I like Unicode more than I used to...

Tue Feb 25 05:43:55 EST 2003

In message <200302250800.18315.aleaxit at yahoo.com>, Alex Martelli wrote:
> > > Yes, on a site-wide basis: see the file site.py in your site-packages
> > > directory.  You can either change the blocks guarded by "if 0:" in
> > > that file itself, or add a sitecustomize.py file in the same
> > > directory that calls sys.setdefaultencoding('utf-8') with the
> > > same effect.

You must just have mistyped...
The file site.py is not in your site-packages directory.
It is in the parent directory of your site-packages directory.

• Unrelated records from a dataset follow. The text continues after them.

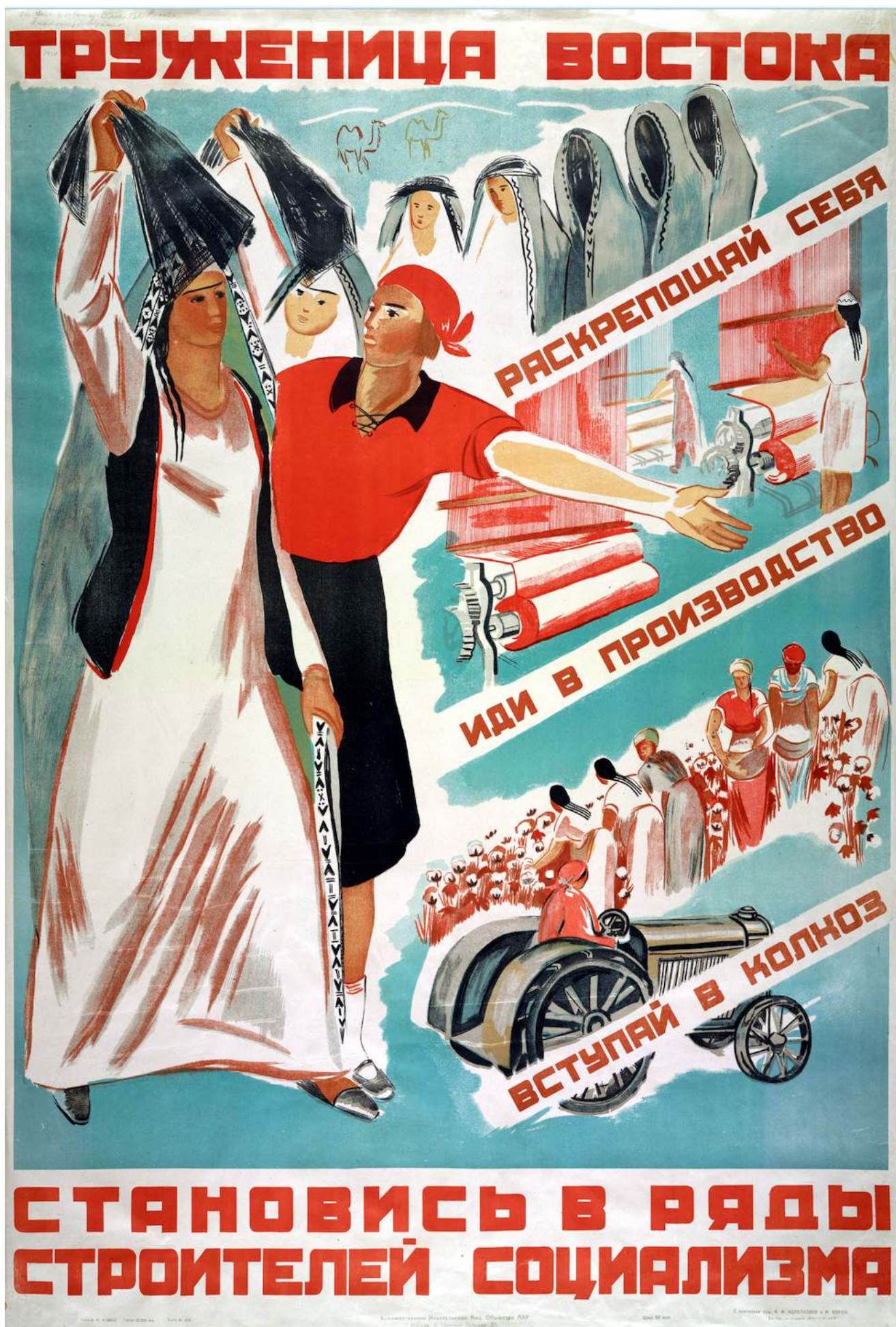
Рис.4. Советский плакат посвященный раскрепощению женщины Востока.
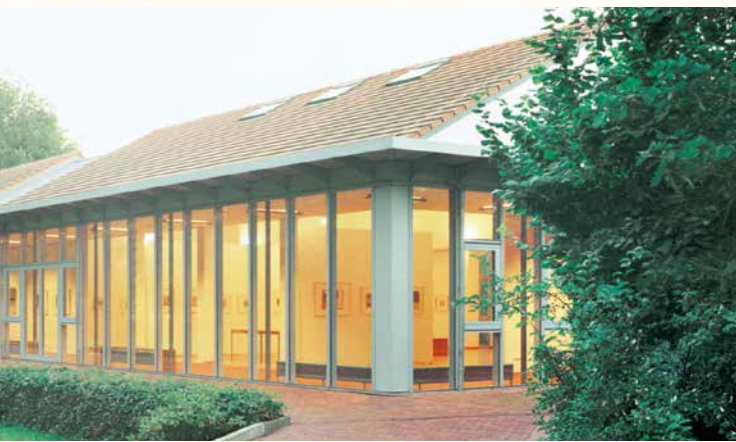
Architekt: Tobias Brößkamp
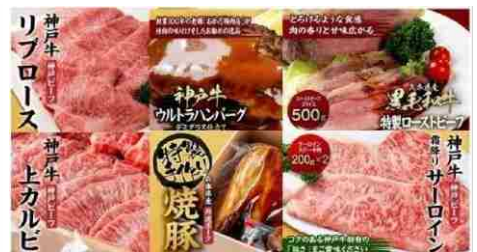
月に一度はお肉の日! 老舗精肉店主おすすめ定期便【6ヶ月】

2,000,000円 (2,000,000ポイント) 短刀1口 ・刃長8寸〜8寸5分 (24〜26cm) ・平造り ・受注後製作いたします。 ・彫物は入っておりません。
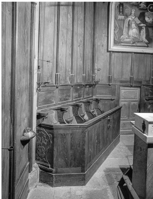
Vue d'ensemble du côté gauche du chœur. 25, Guyans-Durnes
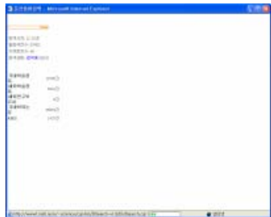
[그림 4] 동적 검색 화면

원천서버마다 검색에 소요되는 시간은 전부 다르다. 따라서, 원천 서버의 평균 검색 소요시간을 측정하여 적절한 타임 아웃값을 선택하는 일은 매우 중요하다. 25 개 DB 의 검색 시간을 측정하여 적절한 값인 30 초를 간략 검색 시간으로 잡아주었고, 상세 검색에서는 사용자가 선택할 수 있도록 하였다. 하지만 이렇게 다양한 시간을 선택 가능하도록 만들어도 문제가 될 수 있다. 최종적으로 검색이 완료된 후 결과를 사용자에게 보여줄 경우, 만약 일부 DB 가 검색에 소요되는 시간이 무척 오래 걸린다거나 서버가 다운되어 있을 경우 전체 결과가 화면에 보여지는 시간은 상당히 느리므로 사용자의 분산통합검색 시스템에 기대하는 신뢰도는 떨어진다. 과학기술종합정보 시스템에서는 일부의 DB 만이라도 검색되어 결과를 받는 즉시 결과건수와 DB 이름을 출력하면서 동적으로 화면을 갱신하도록 하여 사용자가 현재 검색이 잘 진행되고 있음을 느낄 수 있도록 하였다.

> > The file "site.py" is in "../site-packages" while you can put your
> > "sitecustomize.py" in "site-packages".
> 
> Not sure I understand what you mean.  What's the leading .. in
> that "../site-packages" you're claiming site.py is in?!

The leading '..' means the parent directory, you know.

> > I wonder you said it from your actual experiences if you don't mind me
> > saying so.  My experiences tell me another way.
> 
> It's from (modest) actual experience: typically programs assuming 'latin-1'
> (well I _am_ from Western Europe after all) because of reliance on site.py,
> failing to run on sites (e.g. in Eastern Europe) that had not tampered
> with site.py or had other iso-8859-* variants set in site.py.

I see.  I'm afraid you just have a limited experience.  The
latin-1 encoding is the only encoding in which you can write
Unicode literals directly in the current Python.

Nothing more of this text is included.